Memory Dropbox · event-sourced memory substrate experiment¶

memory-dropbox is the event-sourced memory substrate experiment in the stack. It’s where derived memories, observation memories, ingestion memories, and agent-facing memory experiments get to be first-class in a larger multi-service deployment — Postgres as the system of record, Redis as the queue, Qdrant as the vector store, a worker process for slow derived work.

It is not the canonical local memory core for this stack. That role belongs to earth-database, which is the smaller embedded sibling where the trust layer, provenance, and observability discipline get built first on a short hot path. This repo is the sibling where those same disciplines get tested at larger scope.

Repository: github.com/obversary/memory-dropbox

Shorter tagline: event-first memory infrastructure for inspectable AI systems.

Why an event-first substrate at larger scope¶

Most “memory” in AI stacks I’ve read is retrieval. Store chunks. Embed. Search. Return. That works as a feature; it doesn’t work as memory. There’s no record of when something was captured, no record of what events that capture produced, no derived layer where the system can have its own running interpretation of the input. It’s a filing cabinet with a search box.
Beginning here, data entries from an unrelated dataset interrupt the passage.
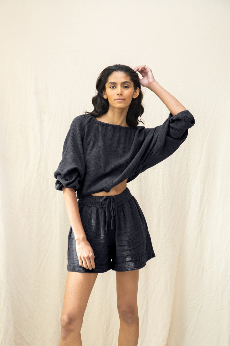 The Cordelia top is an elegant long sleeved style, crafted from our signature organic cotton cheesecloth fabric for a soft textured feel.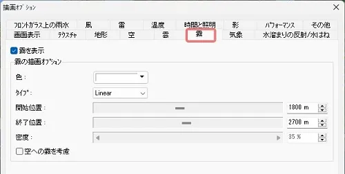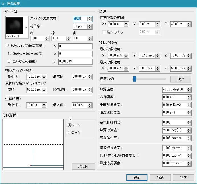 メニュー「環境の表示」をオンにすると、煙が表示されます。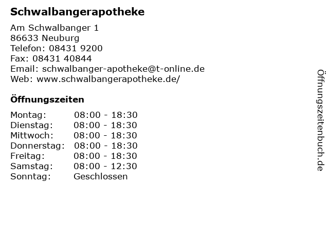 | Öffnungszeiten Schwalbangerapotheke in Neuburg anzeigen | |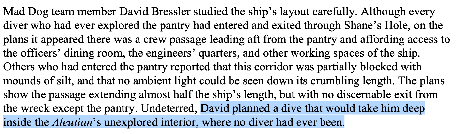- I did some wreck exploration in Uyak Bay, Alaska. It's as remote as it sounds and as cold as you'd expect. After being the diver who penetrated deepest into the shipwreck we were exploring and discovering parts of the ship no one else had, I was written up in a dive magazine.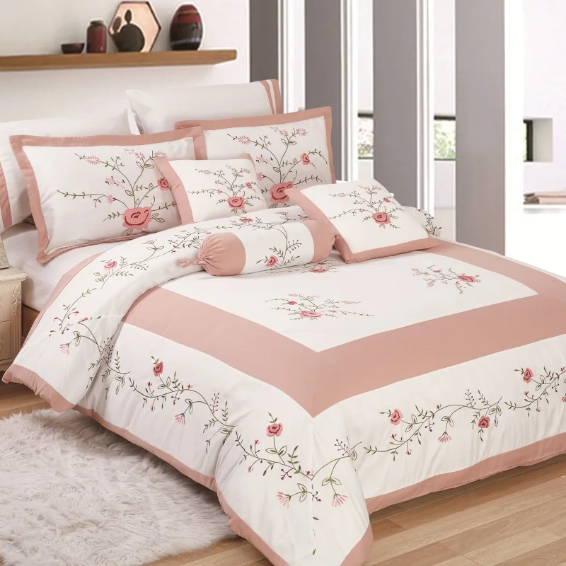 KOSMOS Microfiber Fabric Luxury Embroidery Design Patchwork Comforter Set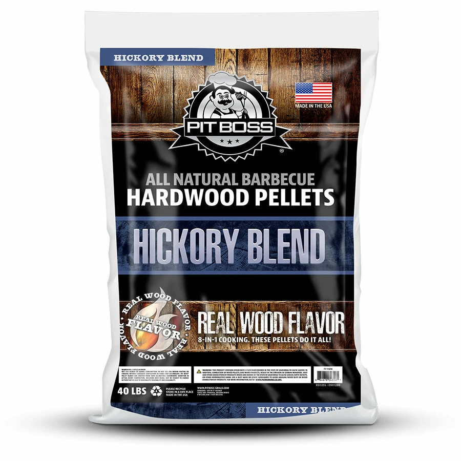 Bring big, bold flavor to your next barbecue with a hardwood pellet blend that’s favored by many seasoned pitmasters. Pit Boss® Hickory Blend Hardwood Pellets produce a strong aromatic smoke to perfectly complement beef, pork, poultry, and vegetables. Hickory is a popular choice for smoking because it packs a stronger flavor than most cooking woods, making it an ideal option for low and slow beef and pork. Savor 100% all-natural smoky flavor when you fuel up with our pellets, which are always free from added scents, sprays, chemicals, or glues.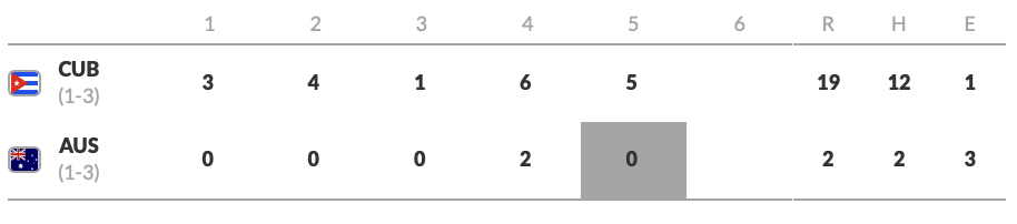 They offense burned the Australians for eleven hits in six offensive innings. Czechia scored twice in each of the first two innings, once in the third, and once in the fifth to power out to a 6-1 lead.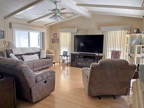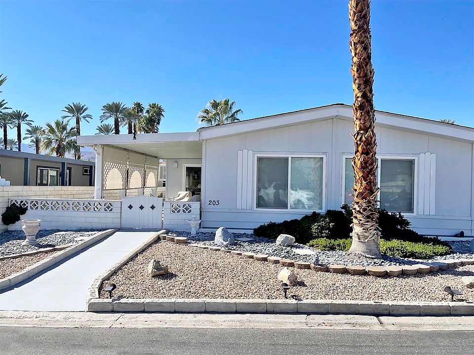 203 International Blvd is being offered for sale at $170,000 and it is well appointed and move in ready. Walking up the long extended driveway, the home boasts 3 sheds which are included with the home. Entering form the driveway into the Utility room where the Washer and Dryer are included, leads you directly into the bright and spacious living area. The living room provide easy access to the side patio and back area. The kitchen is very large and has a new fridge, double ovens and a gas stove top and eat in area. The primary bedroom and bathroom boast a 150 sq. ft. walk in closet, in ground tub and stall shower. All of the windows throughout the home have been replaced with new double paned vinyl windows. The home has a new sprinkler controller and security lights surround the home.
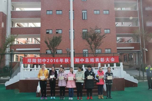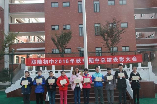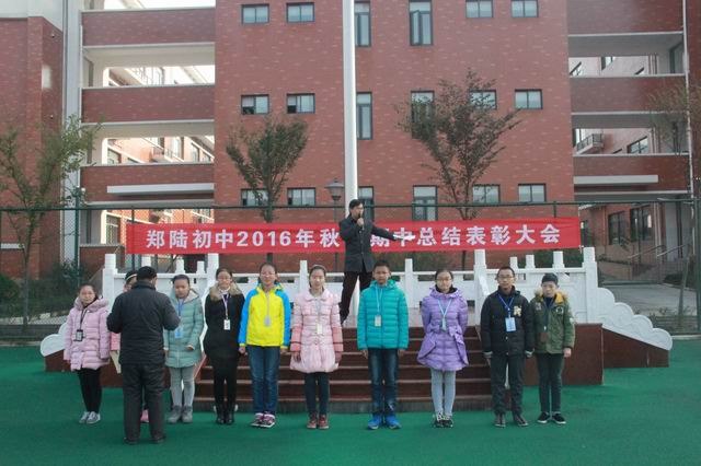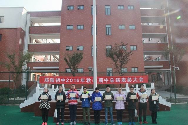 早上,雪后初霁,阳光灿烂,气温偏低,同学们列队整齐,认真聆听。表彰大会简单隆重,分两个议程。首先由薛主任宣布“学习标兵”、“勤学之星”、“进步之星”等表彰名单,三位校长分年级发荣誉证书并合影留念。薛主任对这些被表彰的同学表示祝贺,并提议把最热烈的掌声送给辛勤付出的老师们。接下来,由分管德育的陈光华校长做总结性发言。陈校长的发言主要分以下几点:一、肯定我校学生在本次期中考试中取得的成绩,尤其是初三年级,并代表校行政对取得优异成绩的学生表示衷心的祝贺,对辛勤耕耘的老师表示衷心的感谢;二、指出学生中存在的问题,告诫同学们要正视自己存在的不足;三、对全体学生提出四点期望:1、尊师爱校,希望大家对老师常怀感恩之心,用自己的行动珍惜并爱护学校的荣誉;2、勤奋好学,履行好学生学习的天职,对自己的人生负责;3、文明守纪,用自己的言行展现我校良好的精神风貌;4、安全健康,提高安全意识,培养健康身心,做阳光的郑中学子。

The local canonical core (earth-database) enforces event-first memory at a small scale where the discipline is obvious. This repo is where the same pattern gets tested at larger scope — the point is to find out what breaks, what scales, and which parts of the event-sourced discipline survive the transition from one SQLite file to a multi-service deployment.

I want the substrate to behave more like how my own memory actually works:

Something happened (capture).
I noticed it (event).
I formed an interpretation of it (derived memory).
That interpretation got linked to other things I already knew (observation memory).
Later, I can find it again (retrieval) — and I can also tell why I have that memory (provenance).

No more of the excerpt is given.